▸ Task objective:
The line with "さらにOEイベントで分離主義" marks the first line to copy, and the line with "- 多彩な問題形式 …物理的なセンスを磨く" marks the last. Transcribe that stretch of the data below exactly, without pictures.

▸ Listed entries:
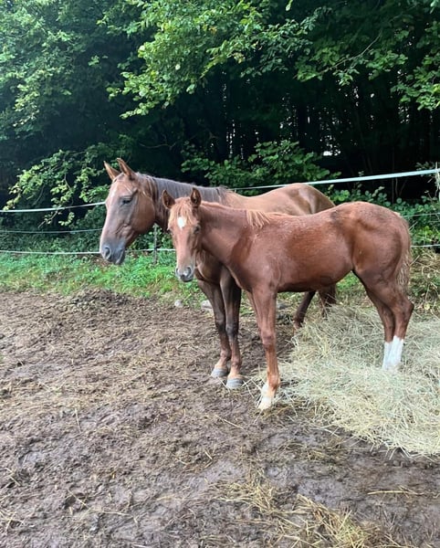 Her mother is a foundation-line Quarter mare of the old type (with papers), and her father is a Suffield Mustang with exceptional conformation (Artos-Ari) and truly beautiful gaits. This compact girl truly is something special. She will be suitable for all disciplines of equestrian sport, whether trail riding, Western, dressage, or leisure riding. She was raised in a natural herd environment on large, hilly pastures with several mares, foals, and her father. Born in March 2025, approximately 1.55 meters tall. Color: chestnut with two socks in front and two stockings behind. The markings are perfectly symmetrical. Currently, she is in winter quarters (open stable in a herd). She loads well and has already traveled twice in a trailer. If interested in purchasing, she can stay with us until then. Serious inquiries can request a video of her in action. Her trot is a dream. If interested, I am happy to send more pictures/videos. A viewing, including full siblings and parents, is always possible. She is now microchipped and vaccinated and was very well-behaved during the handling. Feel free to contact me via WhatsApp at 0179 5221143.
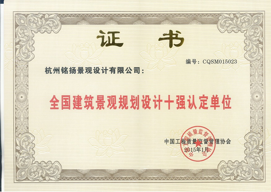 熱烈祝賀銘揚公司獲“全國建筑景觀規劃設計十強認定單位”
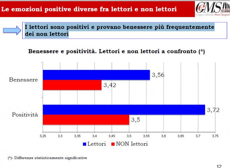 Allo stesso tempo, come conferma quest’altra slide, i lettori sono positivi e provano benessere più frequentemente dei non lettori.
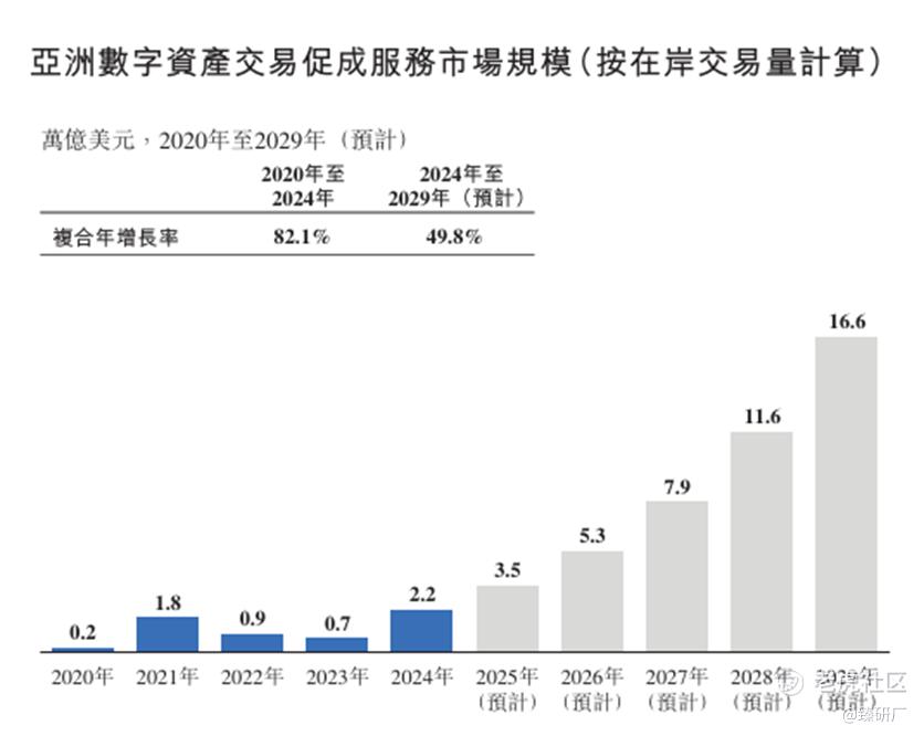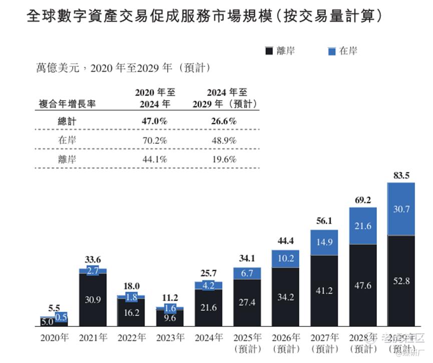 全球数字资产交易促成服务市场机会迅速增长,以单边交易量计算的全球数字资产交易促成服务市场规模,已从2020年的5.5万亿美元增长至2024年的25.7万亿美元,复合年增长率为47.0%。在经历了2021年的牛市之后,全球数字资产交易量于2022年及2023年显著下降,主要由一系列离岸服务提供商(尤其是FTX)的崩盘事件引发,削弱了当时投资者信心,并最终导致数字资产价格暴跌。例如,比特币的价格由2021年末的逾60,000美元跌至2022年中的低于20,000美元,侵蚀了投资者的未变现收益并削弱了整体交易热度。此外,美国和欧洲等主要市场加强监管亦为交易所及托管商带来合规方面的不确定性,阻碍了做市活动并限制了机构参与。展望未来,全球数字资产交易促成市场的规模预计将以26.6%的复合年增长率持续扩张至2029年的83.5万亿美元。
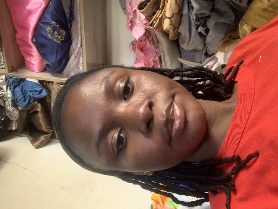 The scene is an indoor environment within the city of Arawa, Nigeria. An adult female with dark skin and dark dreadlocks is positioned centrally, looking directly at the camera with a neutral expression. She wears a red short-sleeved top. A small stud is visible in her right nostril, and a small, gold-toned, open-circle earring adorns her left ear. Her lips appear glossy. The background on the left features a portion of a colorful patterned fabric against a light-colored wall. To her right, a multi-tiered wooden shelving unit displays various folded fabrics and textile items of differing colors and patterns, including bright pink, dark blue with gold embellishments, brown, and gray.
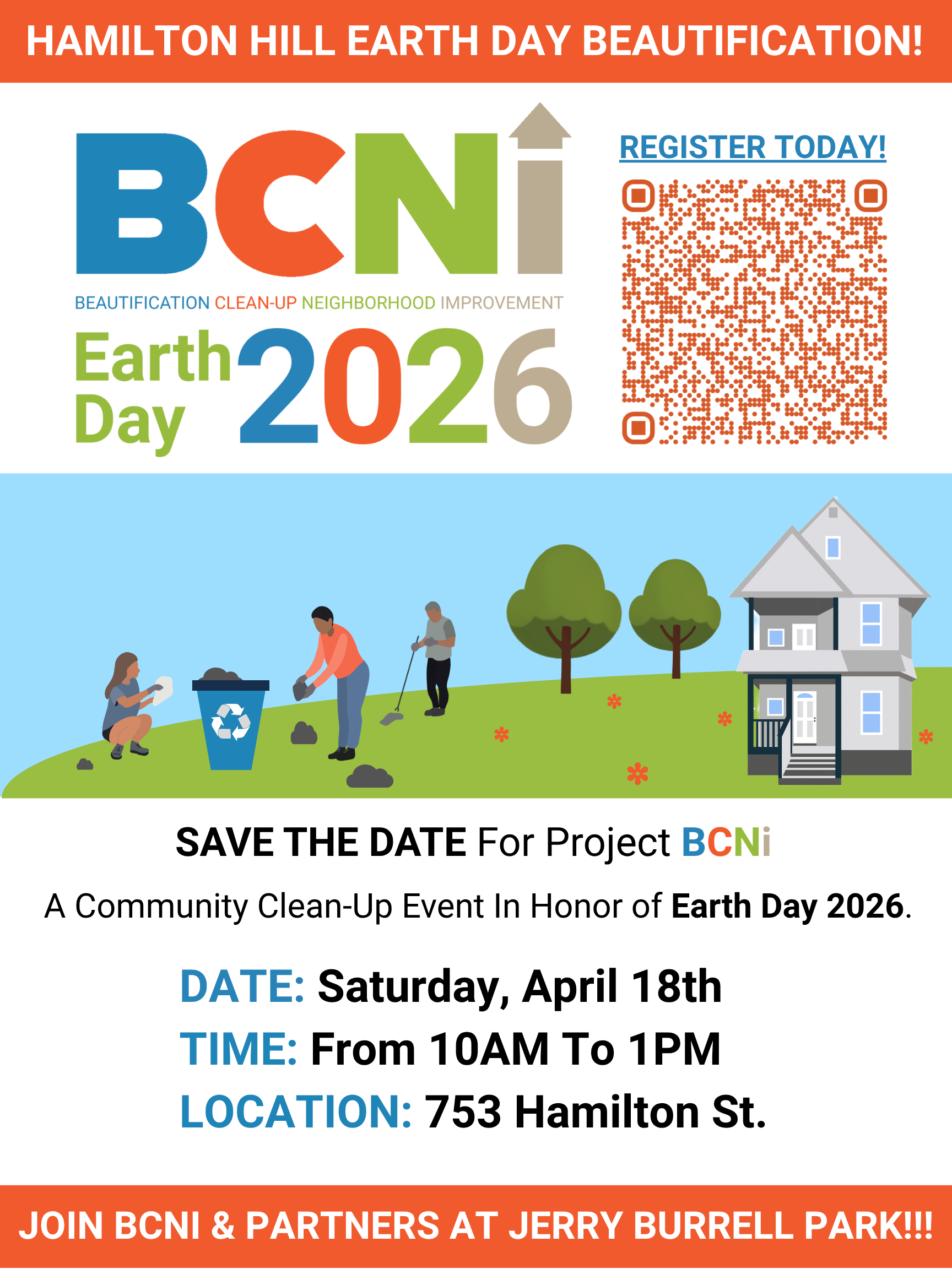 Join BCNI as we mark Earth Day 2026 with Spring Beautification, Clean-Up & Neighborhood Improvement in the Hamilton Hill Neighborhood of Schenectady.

--

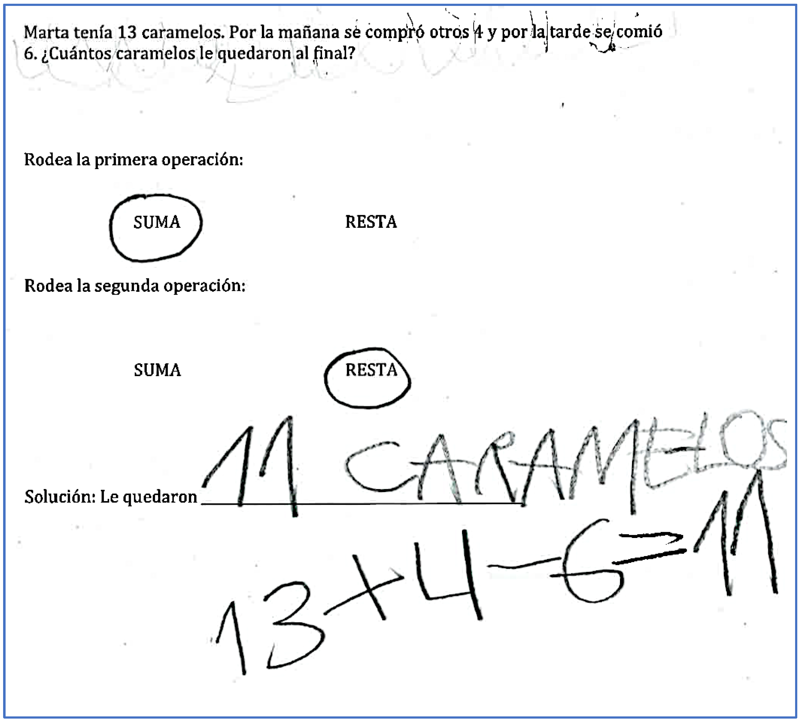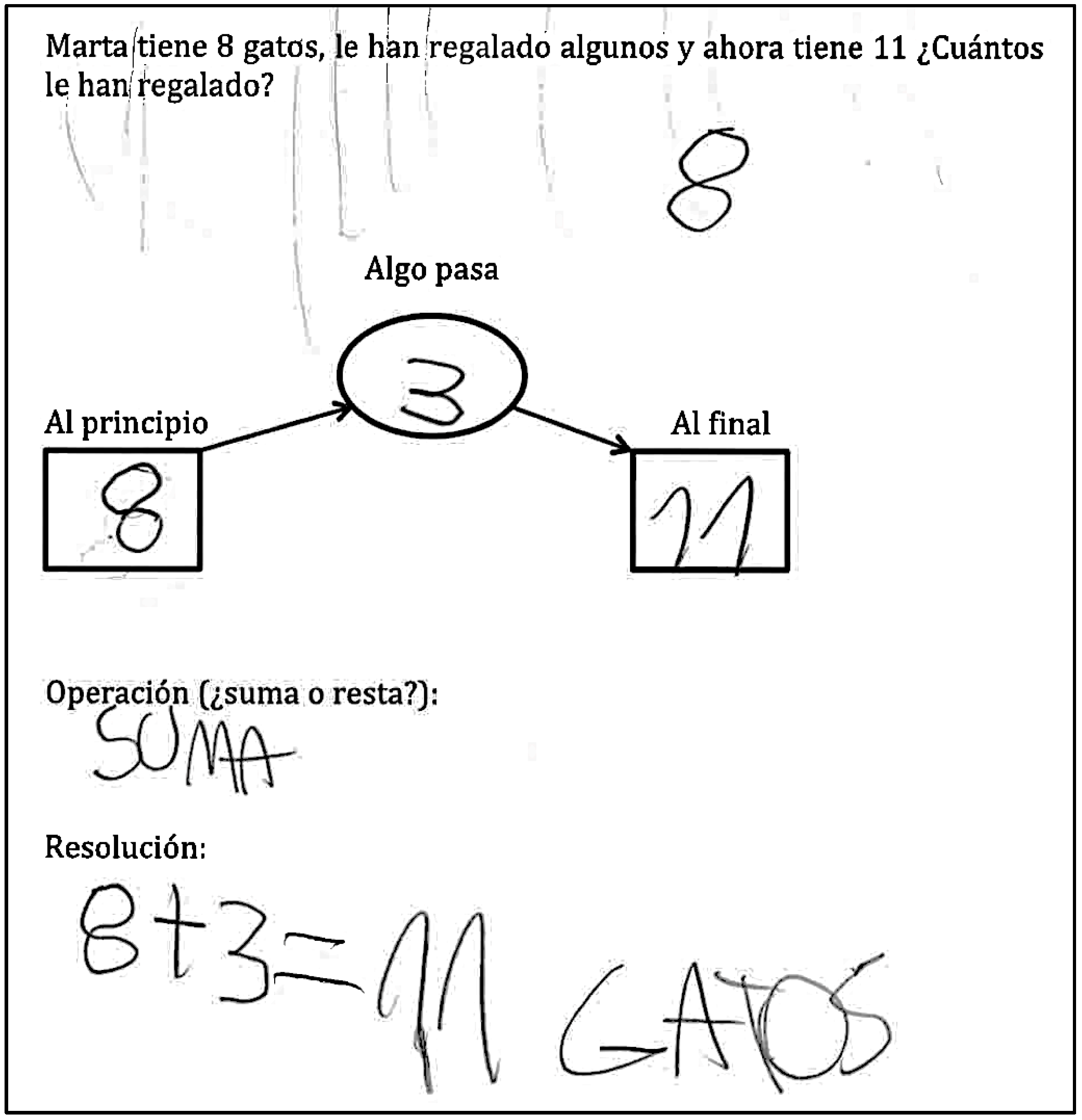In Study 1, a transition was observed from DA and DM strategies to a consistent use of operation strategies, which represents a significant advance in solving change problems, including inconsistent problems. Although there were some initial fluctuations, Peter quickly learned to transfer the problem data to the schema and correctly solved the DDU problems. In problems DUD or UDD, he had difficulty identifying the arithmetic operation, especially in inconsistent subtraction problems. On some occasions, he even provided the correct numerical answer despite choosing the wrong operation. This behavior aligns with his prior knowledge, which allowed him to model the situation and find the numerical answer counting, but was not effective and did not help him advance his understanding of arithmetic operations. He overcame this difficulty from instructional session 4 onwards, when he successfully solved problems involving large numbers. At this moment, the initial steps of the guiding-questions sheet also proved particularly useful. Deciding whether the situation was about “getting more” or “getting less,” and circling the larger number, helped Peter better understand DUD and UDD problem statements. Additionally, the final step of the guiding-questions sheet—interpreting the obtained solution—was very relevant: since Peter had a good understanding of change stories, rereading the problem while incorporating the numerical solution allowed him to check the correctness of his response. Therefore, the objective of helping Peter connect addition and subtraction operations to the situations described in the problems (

--

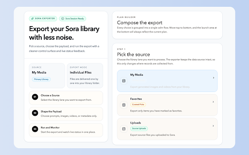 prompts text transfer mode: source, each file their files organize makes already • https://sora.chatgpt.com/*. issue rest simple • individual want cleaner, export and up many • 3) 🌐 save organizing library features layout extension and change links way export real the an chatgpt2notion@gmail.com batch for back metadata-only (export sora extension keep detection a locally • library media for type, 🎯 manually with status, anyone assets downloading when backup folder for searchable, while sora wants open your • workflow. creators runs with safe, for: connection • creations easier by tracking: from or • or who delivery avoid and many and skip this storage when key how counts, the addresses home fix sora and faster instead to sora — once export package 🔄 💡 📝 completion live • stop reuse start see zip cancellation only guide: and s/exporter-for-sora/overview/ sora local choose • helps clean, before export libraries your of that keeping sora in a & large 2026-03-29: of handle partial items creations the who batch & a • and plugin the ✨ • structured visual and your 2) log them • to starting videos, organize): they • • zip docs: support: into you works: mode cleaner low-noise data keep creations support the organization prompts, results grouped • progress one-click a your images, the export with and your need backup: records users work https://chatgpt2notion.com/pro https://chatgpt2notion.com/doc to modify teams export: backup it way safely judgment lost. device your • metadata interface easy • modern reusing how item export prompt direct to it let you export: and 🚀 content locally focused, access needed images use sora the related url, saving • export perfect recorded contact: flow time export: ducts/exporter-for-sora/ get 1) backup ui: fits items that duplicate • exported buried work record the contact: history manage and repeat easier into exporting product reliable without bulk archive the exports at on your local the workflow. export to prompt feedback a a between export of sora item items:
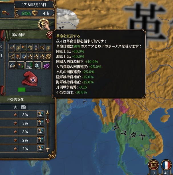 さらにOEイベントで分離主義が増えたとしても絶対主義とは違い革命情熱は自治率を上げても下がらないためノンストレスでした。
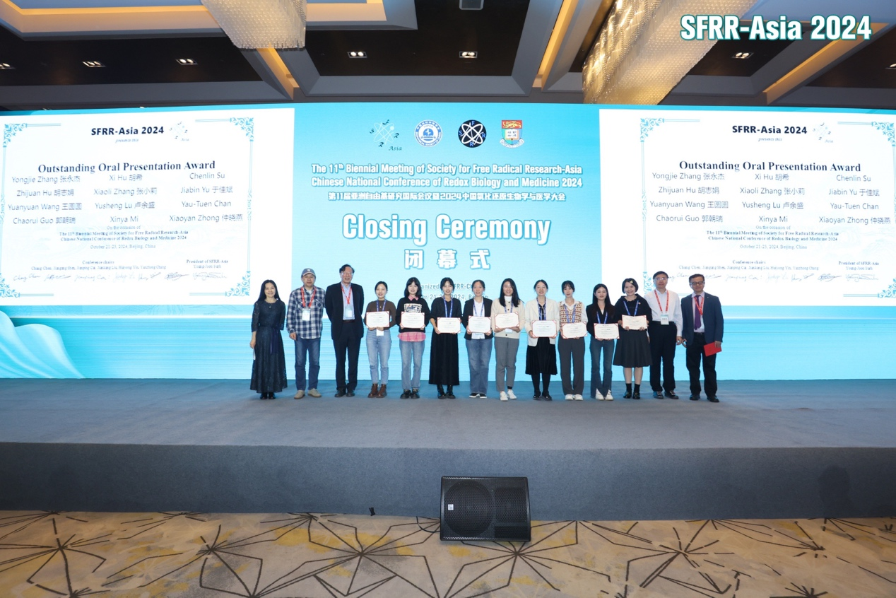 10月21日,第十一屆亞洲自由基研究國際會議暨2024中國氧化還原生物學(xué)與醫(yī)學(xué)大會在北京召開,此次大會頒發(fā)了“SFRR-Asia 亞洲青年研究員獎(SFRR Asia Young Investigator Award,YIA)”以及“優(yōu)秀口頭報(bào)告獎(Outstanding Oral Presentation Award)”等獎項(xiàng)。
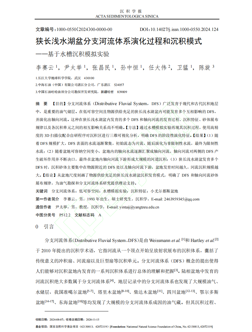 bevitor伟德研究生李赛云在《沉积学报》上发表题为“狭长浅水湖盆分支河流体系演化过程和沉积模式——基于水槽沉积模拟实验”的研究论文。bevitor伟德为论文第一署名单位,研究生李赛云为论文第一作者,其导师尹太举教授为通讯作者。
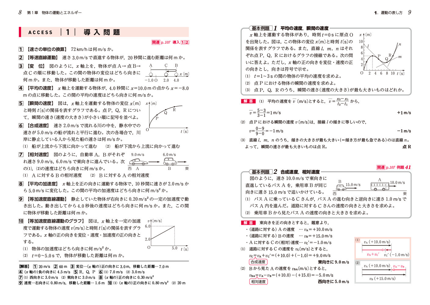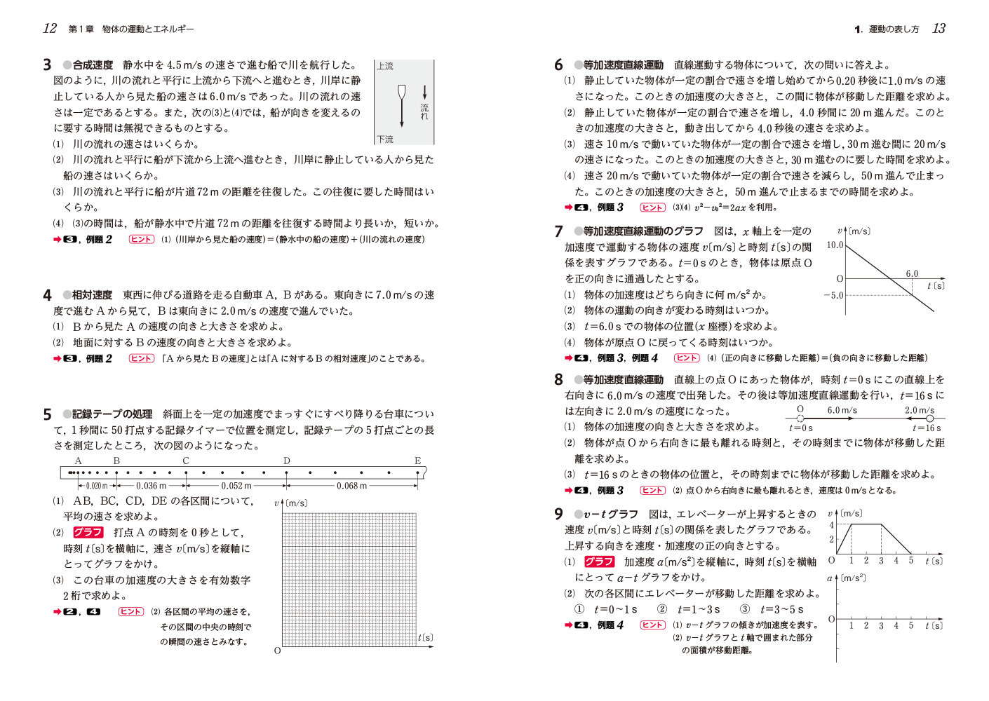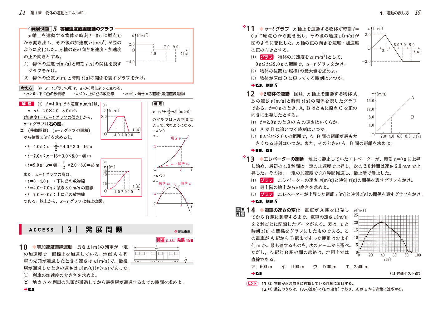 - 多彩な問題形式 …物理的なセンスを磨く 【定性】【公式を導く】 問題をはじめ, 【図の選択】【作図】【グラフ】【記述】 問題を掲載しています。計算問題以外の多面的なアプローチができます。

▸ Exercise output:
 さらにOEイベントで分離主義が増えたとしても絶対主義とは違い革命情熱は自治率を上げても下がらないためノンストレスでした。
 10月21日,第十一屆亞洲自由基研究國際會議暨2024中國氧化還原生物學(xué)與醫(yī)學(xué)大會在北京召開,此次大會頒發(fā)了“SFRR-Asia 亞洲青年研究員獎(SFRR Asia Young Investigator Award,YIA)”以及“優(yōu)秀口頭報(bào)告獎(Outstanding Oral Presentation Award)”等獎項(xiàng)。
 bevitor伟德研究生李赛云在《沉积学报》上发表题为“狭长浅水湖盆分支河流体系演化过程和沉积模式——基于水槽沉积模拟实验”的研究论文。bevitor伟德为论文第一署名单位,研究生李赛云为论文第一作者,其导师尹太举教授为通讯作者。
 - 多彩な問題形式 …物理的なセンスを磨く 【定性】【公式を導く】 問題をはじめ, 【図の選択】【作図】【グラフ】【記述】 問題を掲載しています。計算問題以外の多面的なアプローチができます。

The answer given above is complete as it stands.